2.5. In Vitro Studies

RAW 264 cells (a mouse macrophage cell line) and 3T3-L1 MBX cells (a mouse preadipocyte cell line) were obtained from the Cell Culture Unit at the University of Granada (Granada, Spain). Cells were grown in Dulbecco’s Modified Eagle Medium (DMEM) (Gibco, ThermoFisher Scientific, Waltham, MA, USA) supplemented with a 10% heat-inactivated fetal bovine serum (FBS) for RAW 264 cells or heat-inactivated fetal calf serum (FCS) for 3T3-L1 MBX cells, L-glutamine (2 mmol/L), penicillin (100 units/mL), and streptomycin (100 units/mL) in a humidified 5% CO2 atmosphere at 37 °C.
RAW 264 cells were seeded into 96-well plates at a density of 5 × 105 cells/well and grown until the formation of a monolayer. Then, they were pre-incubated with different concentrations of LME ranging from 0.1 to 100 μg/mL for 2 h and stimulated with the lipopolysaccharide (LPS) from Escherichia coli 055:B5 (100 ng/mL) for 24 h. For negative and positive controls, untreated unstimulated and LPS-stimulated cells were used, respectively. After the stimulation period, the supernatants were harvested for nitrite determination by the Griess Assay [16]. An amount of 100 μL of cell supernatant were mixed with 100 μL of Griess reagent (0.1% N-(1-naphthy) ethylenediamine solution and 1% sulphanilamide in 5% (v/v) phosphoric acid solution, mixed in a proportion 1:1) and incubated for 10 min. A colored azolic compound was formed and its concentration was measured by a photometric measurement of the absorbance at 550 nm. Cell viability of tested conditions was evaluated by the MTS-based CellTiter 96® AQueous One Solution Cell Proliferation Assay (Promega, Madison, WI, USA), being the cellular viability estimated from the absorbance value and by comparing it with the untreated control cells.
3T3-L1 MBX cells were seeded into 6-well plates at 5 × 106 cells/well density. 2 days soon after cells reached confluence (day 0), different prodifferentiative agents (0.5 mM 3-isobutyl-1-methylxanthine (IBMX), 5 μM dexamethasone, and 10 μg/mL insulin) were added to the medium to initiate cell differentiation. After 48 h (day 2), the culture medium was changed to DMEM and 10% fetal bovine serum (FBS) contained only insulin (10 μg/mL).
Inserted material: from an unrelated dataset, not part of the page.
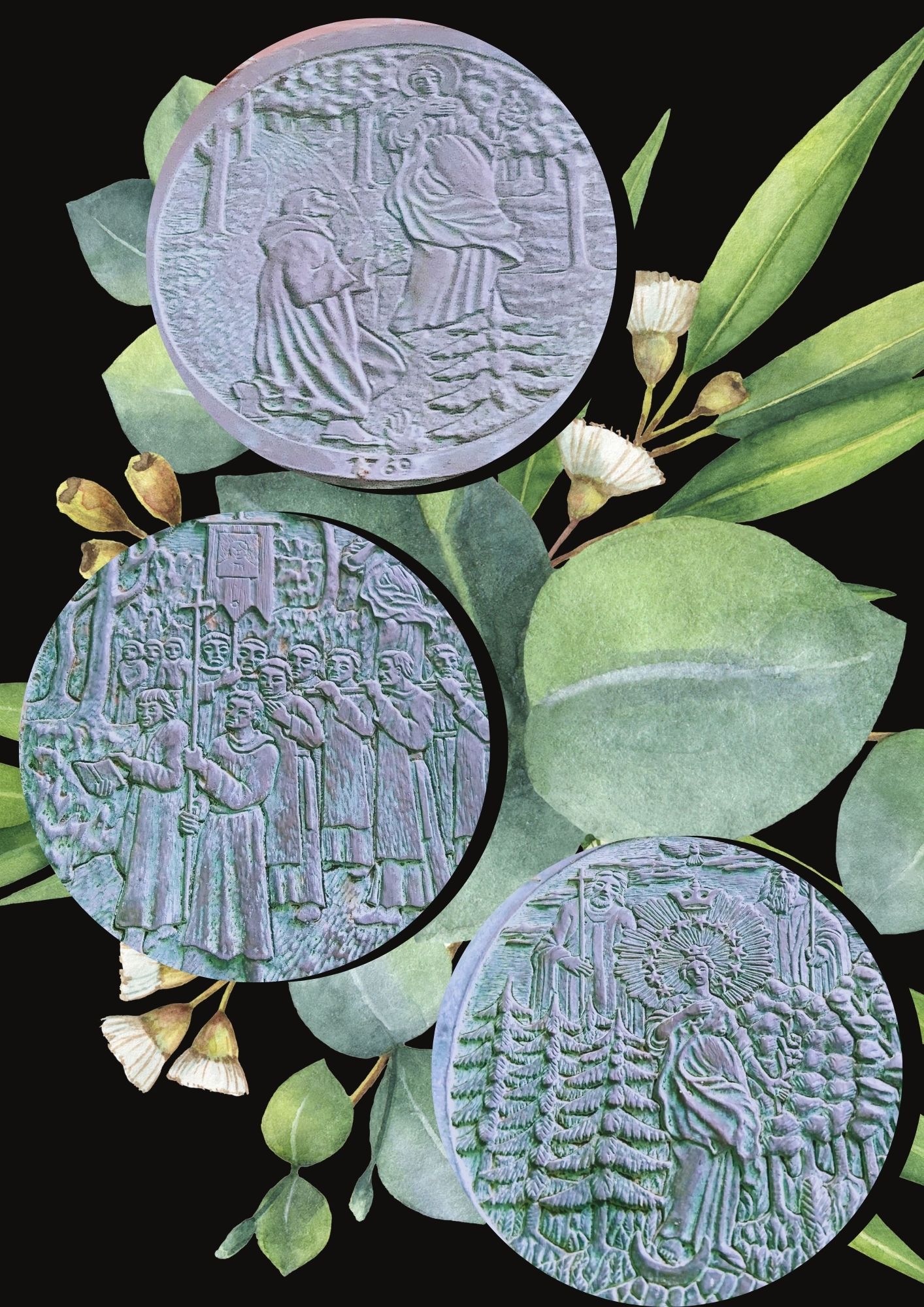 Peu de temps après, l’heureux couple se rendit à l’abbaye cistercienne d’Oliwa et raconta aux moines le miracle dont ils avaient été témoins. Les Pères ont recommandé de faire une statue de Notre-Dame de la Maternité, selon la description de Stanisław et de sa femme Maria. En 1790, la statue a été portée en procession solennelle d’Oliwa à Matemblewo comme nous pouvons le voir sur le médaillon de bronze. La nouvelle se répandant rapidement dans la région, les fidèles se sont rassemblés sur le lieu de la vision. La plupart d’entre eux étaient des femmes qui ne pouvaient pas donner naissance ou qui attendaient leur délivrance. Chacun de ces pèlerins apportait avec lui un sac rempli de terre pour édifier un petit monticule au sommet de la colline, au milieu de la forêt dans la vallée de Matemblewo. Les cisterciens ont alors érigé une chapelle en bois et y ont placé une statue de Marie.

On day 4, the medium was replaced with DMEM and 10% FBS, and the cells were incubated for an additional 2 days until fully differentiated adipocyte-like cells were obtained. Treatment of 3T3-L1 cells with LME (10, 25, and 100 μg/mL) was initiated on day 0 and added whenever the medium was replaced. Images from 3T3-L1 cells were taken to visualize adipocyte differentiation on days 2, 4, and 6.
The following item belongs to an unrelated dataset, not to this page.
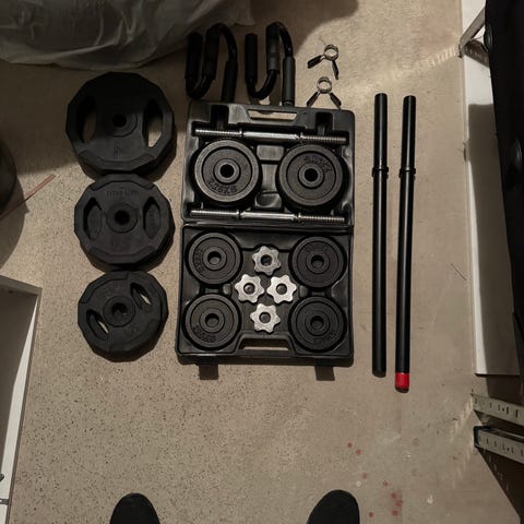 Vektkoffert,13,6 kg.Dumbbell-sett med flere vektskiver og justerbar stang. Settet inkluderer en bærbar oppbevaringskoffert for enkel transport og organisering av vektskivene. Passer for styrketrening og generell trening.

2.6. Animals and Experimental Design

The study was carried out following the “Guide of the Care and Use of Laboratory animals” as promulgated by the National Institute of Health, and all procedures were approved by the Ethics Committee of Laboratory Animals at the University of Granada (Spain) (Ref. No. 28/03/2016/030). A total of 8-week-old male C57BL/6 mice acquired from Janvier labs (St. Berthevin, Cedex, France) were housed in Makrolon cages, kept under controlled light-dark cycles (12 h light/dark), temperature and relative humidity (22 ± 1 °C, 55 ± 10%), and with free access to tap water. They were randomly assigned to 3 groups (n = 8): control diet (CD), high-fat diet (HFD), and HFD-treated group with LME (25 mg/kg) dissolved in water by gavage during all the experimental procedures. Standard chow diet (13% calories from fat, 20% calories from protein, and 67% calories from carbohydrate; Global diet 2014) and high-fat diet (59% calories from fat, 13% calories from protein, and 28% calories from carbohydrate; Purified diet 230 HF) were purchased from Harlan Laboratories (Barcelona, Spain) and Scientific Animal Food and Engineering (Augy, France). Mice were fed the diets and treated with the extract for 30 days. Animal body weight and food and water intake were monitored, and energy efficiency was estimated as the ratio of weight gain (g) to caloric intake (Kcal). Mice were sacrificed by cervical dislocation, and liver and abdominal and epididymal fat were collected, cleaned, and weighed. Fat/weight index was calculated by dividing body weight by tibia length. The samples were frozen in liquid nitrogen and stored at −80 °C until additional analysis.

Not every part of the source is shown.